Cristiano Maronna e Luciano Zaffalon

18/02/2018

 

 

Não se pode ignorar que o Poder Judiciário custa muito caro e é pouco transparente. A pesquisa “O custo da Justiça no Brasil: uma análise comparativa exploratória” permite comparar o quanto se gasta com a Justiça em diferentes países, considerando os respectivos PIBs: a Espanha despende 0,12% de seu PIB com o Judiciário, a Argentina, 0,13%, e os EUA e a Inglaterra, 0,14%. O Brasil consome 1,30%.

Sem qualquer controle social efetivamente externo, é o próprio Judiciário que dá a palavra final a respeito de questões interna corporis, incluindo a política remuneratória: o CNJ, órgão criado como instância fiscalizatória da magistratura, é formado majoritariamente por... magistrados. Com isso, mantêm-se distorções, com juízes do próprio Conselho recebendo polpudos complementos salariais, acima do teto constitucional e, ainda, não tributados.

Há outro fator: o custeio dos penduricalhos nas carreiras jurídicas pode funcionar como moeda de troca na relação com os demais Poderes, ao se negociar, por exemplo, suplementações orçamentárias para o Judiciário a cada ano. Esses diálogos permitem a magistrados ganhos que os colocam entre os 0,1% mais ricos do Brasil.

O CNJ sabe disso e mais. Em 2006, pesquisa encomendada pelo órgão constatou que 2.978 magistrados e servidores do Judiciário do País recebiam acima do teto. A pesquisa encontrou irregularidades em 19 Tribunais Estaduais e um Federal.

A pauta é atual e incomoda parte dos magistrados, como os que realizaram neste mês manifestação no STF em defesa de interesses corporativos, como o auxílio moradia.

Um debate de fundo deve ser feito, ainda mais com os gastos sociais congelados por 20 anos.
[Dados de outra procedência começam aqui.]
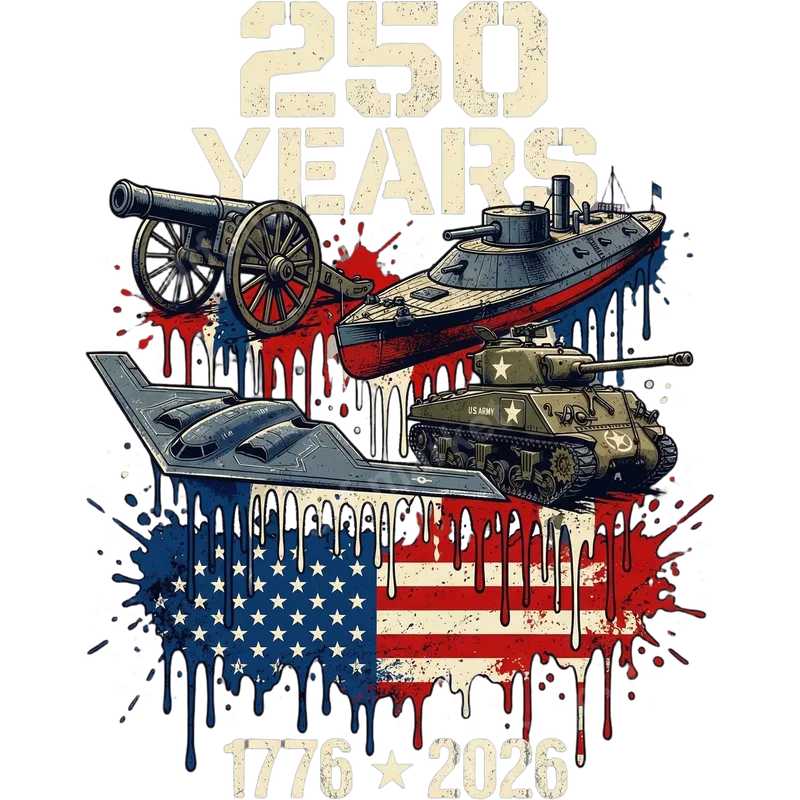 See allCelebrate 250 years of American spirit with this striking "250 Years 1776-2026" DTF transfer. This ready to press design showcases the evolution of American military might, from a colonial cannon and a historic warship to a classic WWII tank and a modern stealth bomber, all set against a dynamically distressed and dripping American flag backdrop. It's a powerful statement of patriotism and national pride. This unique heat press transfer is ideal for anyone looking to honor the United States' rich history and military legacy. Perfect for veterans, active service members, military families, history enthusiasts, and proud Americans. It makes an excellent iron on transfer for celebrating national holidays like the 4th of July, Memorial Day, or Veterans Day, or as a thoughtful gift for patriotic friends and family. Applying this apparel transfer is simple and efficient. Designed for versatility, it adheres beautifully to various fabrics including cotton, polyester, and blends. For best results, use a heat press at 300-325°F for 15 seconds with medium pressure. It can also be applied with a household iron with care. The beauty of a DTF transfer is that there's no weeding or layering required – just press and peel! Expect professional-grade results with this high-quality heat transfer design. Our direct to film transfers boast vibrant colors, exceptional durability, and a soft, flexible feel that resists cracking and fading after multiple washes. Each custom transfer is printed on premium DTF film with a strong adhesive, ensuring your design looks fantastic and lasts for years on your favorite t-shirts, hoodies, or bags.

Pagar benesses a carreiras jurídicas não encontra lastro no interesse público, tanto que apenas beneficiários desses valores são capazes de defendê-las. O desafio democrático se intensifica por se tratar de sujeitos que consolidam jurisprudências e interpretam normas, inclusive as de moralidade administrativa.

Delfim Neto, em artigo publicado em 2017, resumiu esse paradoxo: aqueles a quem cabe julgar nossos conflitos têm aplicado uma “hermenêutica esperta”, muito bem servida por “exegeses criativas que transformaram o limite constitucional em letra morta”.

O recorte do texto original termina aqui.